**Your assignment**
Take the line that contains "Figura 5 - Evento" and each line after it to the end of the material below, and return them exactly, minus the pictures.

**Records for the task**
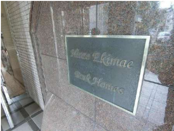
【その他】エンブレム
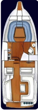
Marex 290 Sun Cruiser_Layout
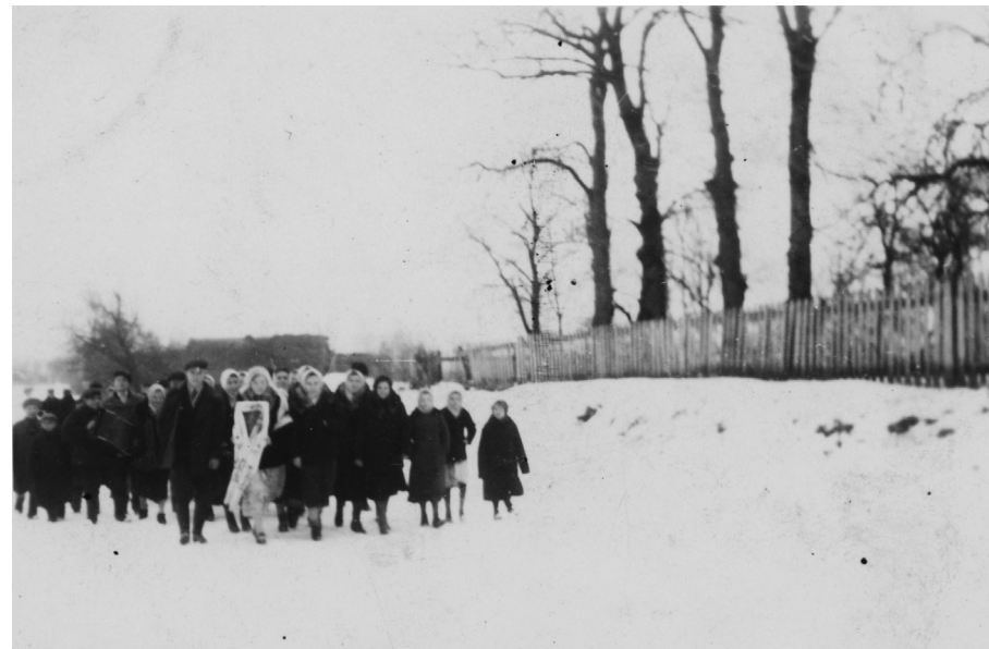
Wesele. Panna młoda i jej goście idą do cerkwi w Klejnikach. Lata 40. XX w.

Steletsia ziele popuod płotom wjuczy Kłaniajsia Nadieczko po zastoliu* jduczy /2 Pokłoniś nizeńko swojomu bateńku Swojomu bateńku do białych nuożok /2 Nechaj kosońka zemlyciu wkryje, Nechaj slozońki nuożki oblijut /2
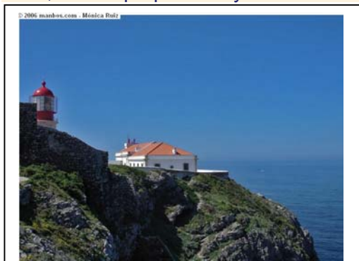
Cabo San Vicente en Portugal, con el faro y edificio histórico de la Escuela de Náutica del siglo XV.

Hacia 1430 los portugueses pasaron hacia el sur el Cabo Bojador que se encuentra algo más al sur de las Islas Canarias. Esa era una de las principales barreras sicológicas que se habían creado los europeos, en las que no faltaban relatos fan-
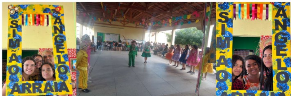
Figura 5 - Evento comemorativo aos festejos juninos
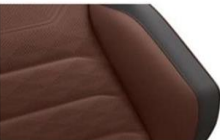
"Savona" leather Florence/Soul (YV) Optional on all models

**Your solution**
Figura 5 - Evento comemorativo aos festejos juninos
"Savona" leather Florence/Soul (YV) Optional on all models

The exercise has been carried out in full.